I know a bit about lasers and that but where I can really help you is the electronics side. Using an Arduino it would be simple to modulate a laser beam to send data via morse code. Heck you could even use an arduino to decode and display the info in plain text on an LCD. Let me know


----------



## Steve K (Aug 26, 2011)

there's another thread on light communications over in the flashlight subforum... and the laser comes out looking like a poorer choice.

Steve K.


----------



## bshanahan14rulz (Aug 26, 2011)

for information modulation, yes, but seems to me that for something as simple as morse code, laser should beat LED, right? Because with morse code, who cares if the light becomes incoherent or if the wavefront becomes irregularly distorted? You just have to see if it's on or off.


----------



## SemiMan (Sep 2, 2011)

Talking off the top of my head, so I may be wrong.

Green should have the least attenuation through the atmosphere. It is also the most visible color. That said, if this is daytime? ... then there may be a high green component to compete with.

1M * 1M at 1KM very be a very difficult aim. I would increase the beam size a good factor of 10, but then user binoculars (which will help for aiming the receiver -- your eye), but also greatly increase light gathering.

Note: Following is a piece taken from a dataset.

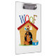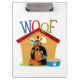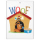 A cute dog with a ball and dish of food, a dog house, and colourful text that reads WOOF on Woof Dog T-shirts, hoodies, mugs, bags, cards, stickers, key chains, buttons, magnets, dry erase boards, electronic cases and sleeves, paper plates and napkins, and many other dog design items!
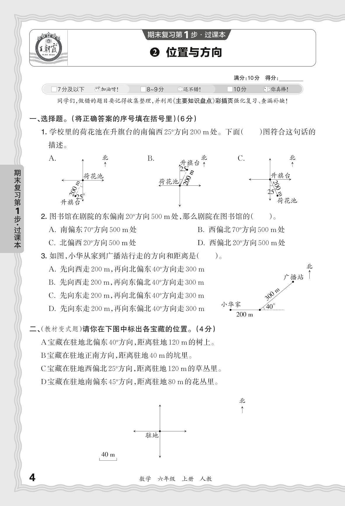 2023秋上册六年级数学人教版 期末过课本QMC版·位置与方向【2】

And last, you could start with a simple wratten filter, but a quality glass filter will be better. Get something that is just going to pass the green from the laser. The narrower the bandpass, the better the signal to noise and the easier to make out the laser. Cheap semi lasers do drift a bit as they warm up, but perhaps if you could get a 5 or 10 nm filter, you would greatly reduce external light ... oh, and an eye cup to keep out stray light.

Semiman


----------



## Ceecy (Feb 7, 2014)

sandnabba said:


> Steve:
> sandnabba rene idéa with my project is that it should be possible to receive the transmission by hand. (Writing down the morse code in the old style way  )
> 
> i really like this idea. It makes the activity accessible by a wide range of people, with minimal planning and setup. I'm imagining a trial of sending a message 300 km in 3 mile (or horizon to horizon) relays. Could i help you try it?


----------